How to efficiently calculate a sum of arrays with numpy and @parallel decorator?
Hello!
I have an algorithm to process a huge array by chunks. Each processing operation results in a matrix of size N*N, I need to calculate a sum of these matrices. For simplicity assume processing function does almost nothing and requires no input - just returns zeros. In that case working example looks like this:
import datetime
import numpy as np
import time
N = 1024 * 2
K = 256
def f():
return np.ones((N, N), dtype=np.complex128)
buffer = np.zeros((N, N), dtype=np.complex128)
start_time = datetime.datetime.now()
for i in range(K):
buffer += f()
print 'Elapsed time:', (datetime.datetime.now() - start_time)
Execution takes about 5 seconds on my PC. Now, as function f becomes more complex, I would like to run in parallel, so I modify code as follows:
import datetime
import numpy as np
N = 1024 * 2
K = 256
@parallel
def f(_):
return np.ones((N, N), dtype=np.complex128)
start_time = datetime.datetime.now()
for o in f(range(K)):
buffer += o[1]
print 'Elapsed time:', (datetime.datetime.now() - start_time)

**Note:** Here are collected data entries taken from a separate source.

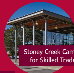
Stoney Creek Campus for Skilled Trades
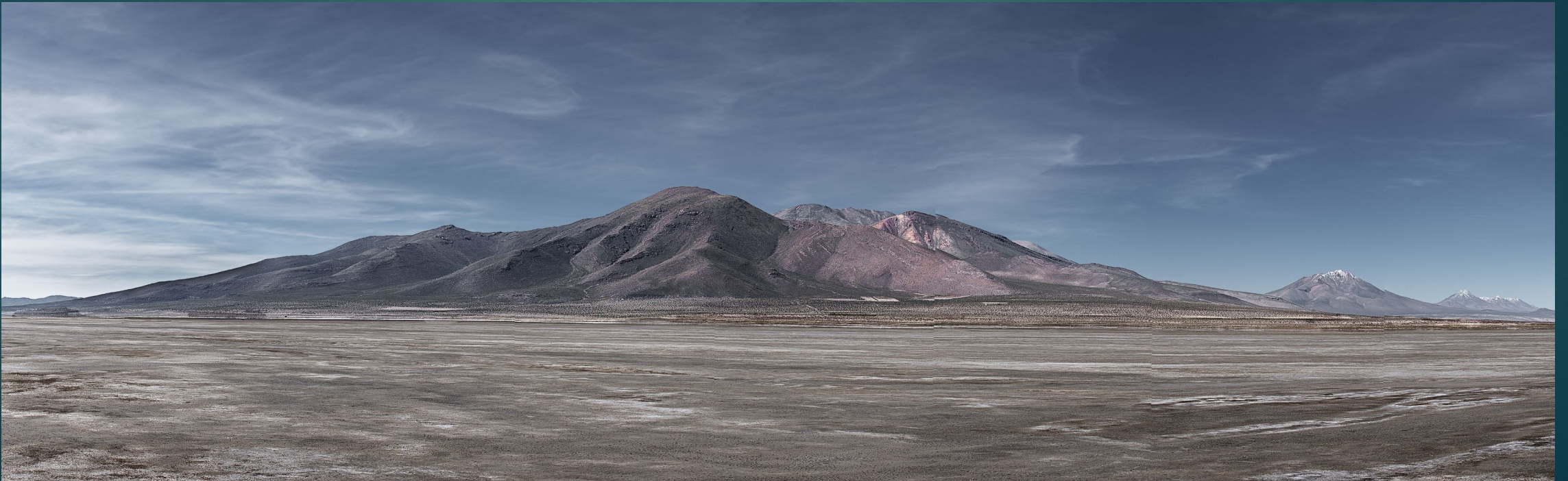
Salar de Chiguana, Bolivia – February 2019.
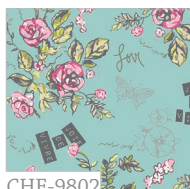
CHE-9802 Joi De Vivre Beryl
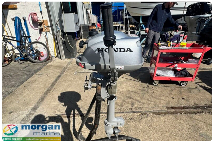
Honda BF2.3 Short Shaft - tiller
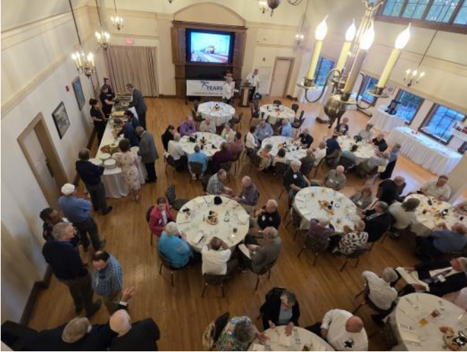
A view from above at a great dinner with great friends old and new.
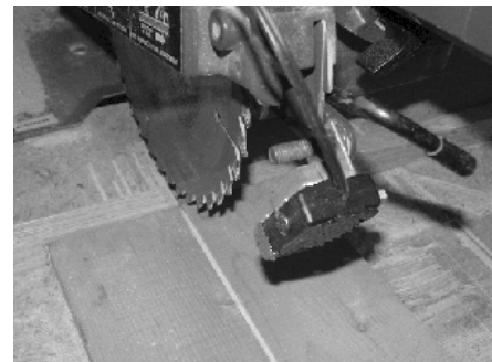
Figure 3. Mounted to right side kickback

For installation information on specific saws, visit www.laserkerf.com or call (859) 494-0790.
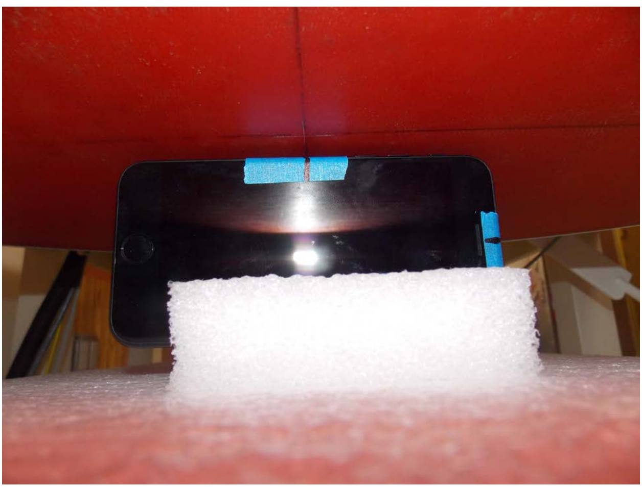
Body Left Configuration No Case 5 mm Gap
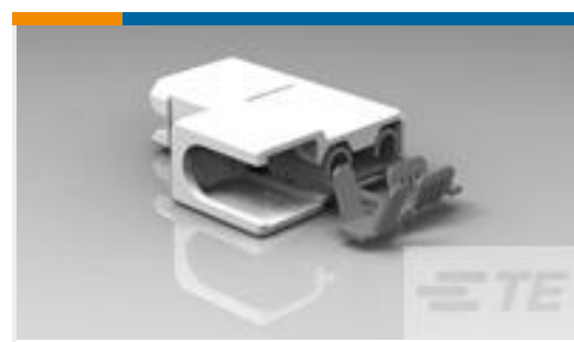
TE Part #521411-2 ULTRA-POD 250 ASY REC 22-18 AWG TPBR
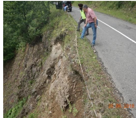
Road km 48+020
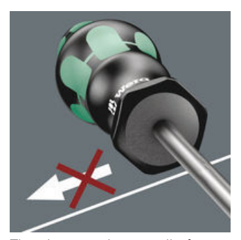
The hexagonal non-roll feature prevents any rolling away at the workplace.
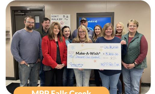
MPP Falls Creek
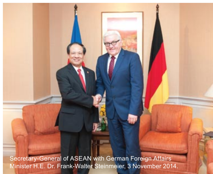
Secretary-General of ASEAN with German Foreign Affairs Minister H.E. Dr. Frank-Walter Steinmeier, 3 November 2014.
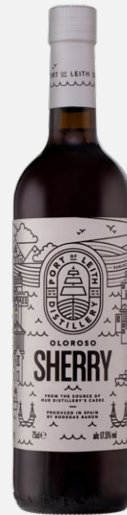
Port of Leith Distillery Oloroso Sherry 75cl
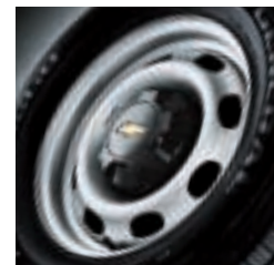
BASE STEEL WHEEL 15" x 6" INCLUDED ON REGULAR AND EXTENDED CAB Z85 BASE MODELS (2WD AND 4x4)
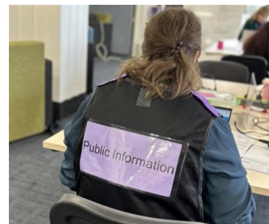
Upper Hutt City Council
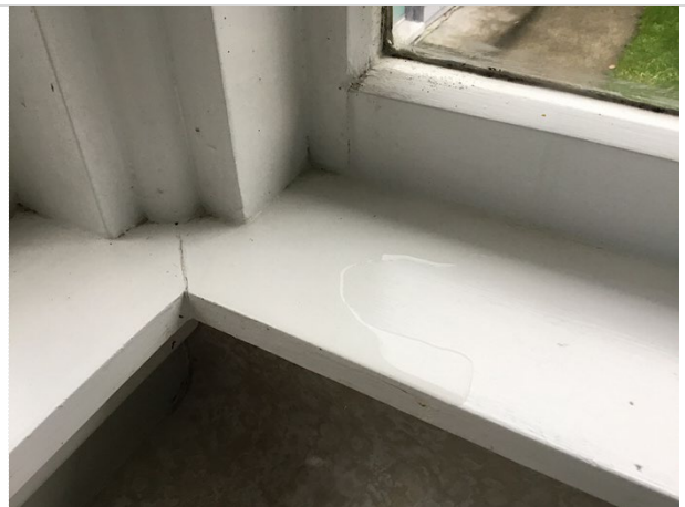
22. Water in kitchen from windows
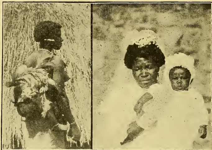
A CONTRAST IN AFRICAN CHILDHOOD

Outside, the chief questioned her: "What was the magic she had used? A teakettle? Was she a teakettle witch?—a smoke spirit?—what?" She disclaimed so much title with signs and many pointings and occasional interpretations on the part of her bearers. "No, she could not spare her teakettle—or the heater, but she happened to know of a wonderful white witch doctor who was provided with both these articles. Should she send her to the chief?" The chief consented. "The white witch doctor might come, but the teakettle must come too."
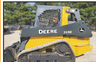
2015 Deere 319E 69hp, 1874hr, Joystx, NEW Trax.....$34,900
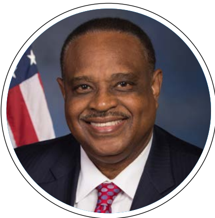
Rep. Al Lawson
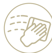
REINFORCED FREQUENT DISINFECTION
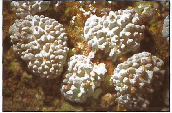
b. Cladiella krempfi (Hickson, 1919) with polyps retracted.
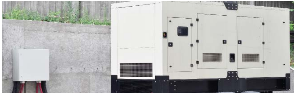
An industrial-scale emergency power generator. The U.S. government's inventory of backup generators is currently sized for conventional disasters and larger events on the scale of Superstorm Sandy, not for Black Sky-level scenarios.

Characterized here as the National Emergency Utility Consumables Council (NEUCC), this effort would be a parallel initiative to NEPC, and would also likely be developed and managed by National Recovery Coordination Framework teams.
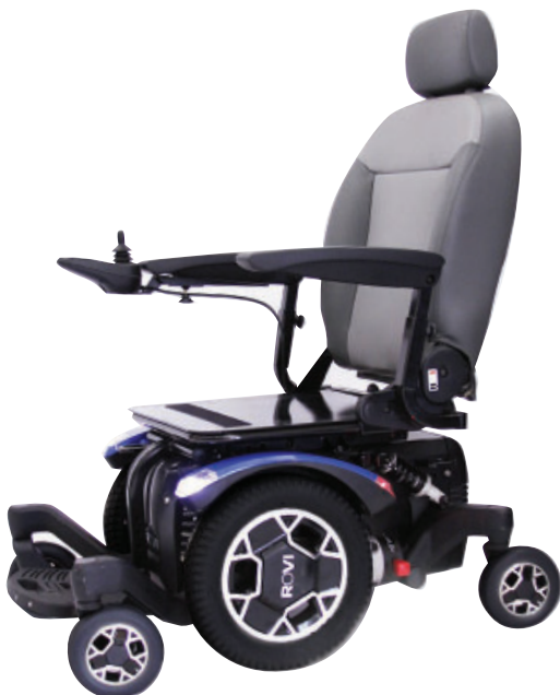
Item # ROVI X3-SS or Item # 888WNLEX3-SP-SS
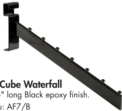
7-Cube Waterfall 16" long Black epoxy finish. sku: AF7/B
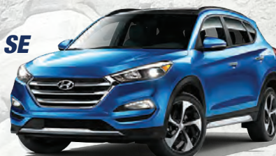
2017 TUCSON SE
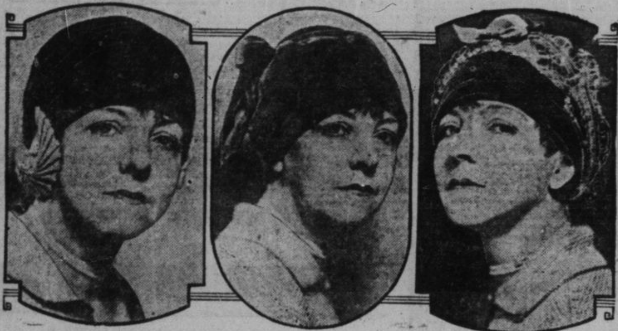
Three of the many new turban variations: Left to right, black velvet with Chinese note, bottle green velvet with fascinating high lights, and chic Rebox medal, reminiscent of the beret.
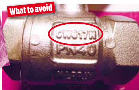
Brass valve removed from packaging and turned over to show marking
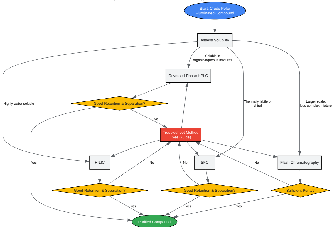
Figure 1. Decision Tree for Purification Strategy Selection

Click to download full resolution via product page
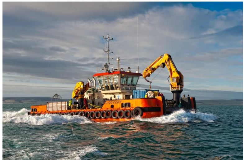
Figure 2: C-Odyssey

Name: C-ODYSSEY Length: 26m Breadth: 10.1m Draft: 3.8m Call sign: 2ETW7
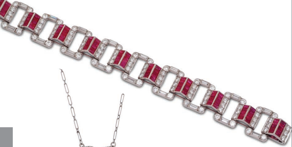
ABOVE 26. Art Deco ruby and diamond rooflink bracelet, by Cartier
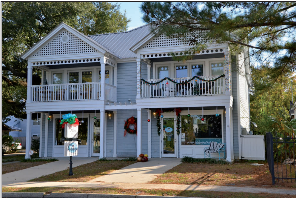
Downtown 014 A

No change in description or evaluation. 46-03-37-0-006-043.505; 59 Church St. S
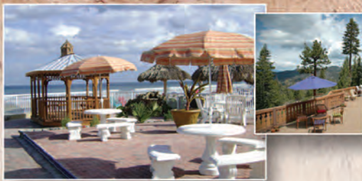
Sea Level Daytona or Mountain High Tahoe

Change is good...but if you are thinking X change, the earlier the bird, the better the worm!
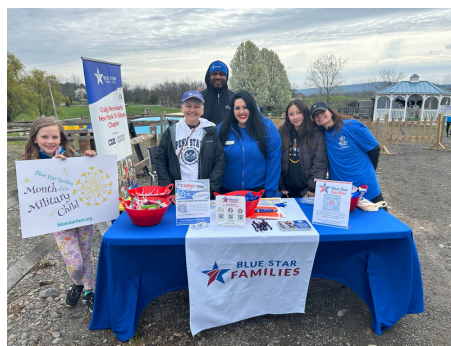
Outdoor programming fosters belonging, strengthens bonds, and boosts overall well-being.

The impact is measurable. Findings from the annual Military Family Lifestyle Survey shaped provisions in the 2025 National Defense Authorization Act, resulting in increased pay for junior enlisted members, expanded childcare, and enhanced employment support for military spouses.
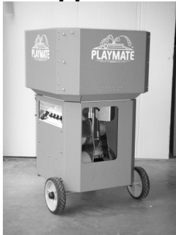
Hopper Shown Raised
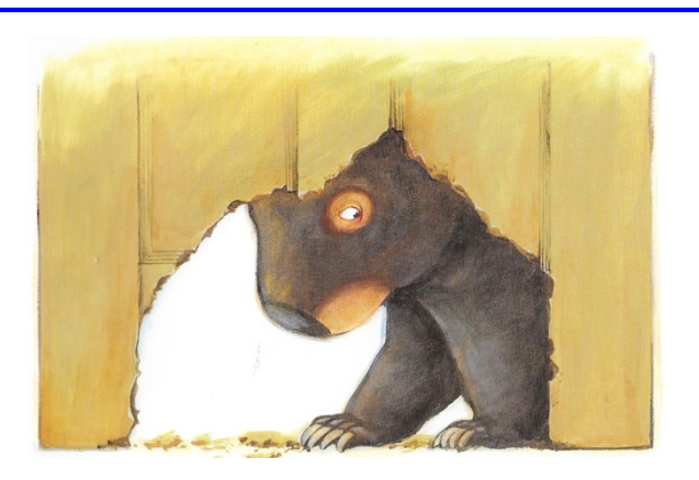
Family's point of view

And now it takes about 26 seconds to calculate! What am I doing wrong? Or what causes such a huge overhead? (it looks silly for if the cost of collecting the result of f() across parallel processes is more than calculating one iteration of f() itself, I better run f() without parallelism at all)
Inter-process communication has a cost. I don't think @parallel uses shared memory for communication (and even then there would be extra copying to/from the communication buffers), so with a function that spends all its time on allocating the result (the filling with ones is negligible) I am not surprised that the IPC is more expensive than executing the function itself.
For @parallel to work well you should make sure that the input and the output of the function are small compared to the amount of work done inside the function.
Thanks for the note about shared memory! I think that is the case here, I found a workaround with sharedmem and multiprocessing modules, gonna post it as an answer.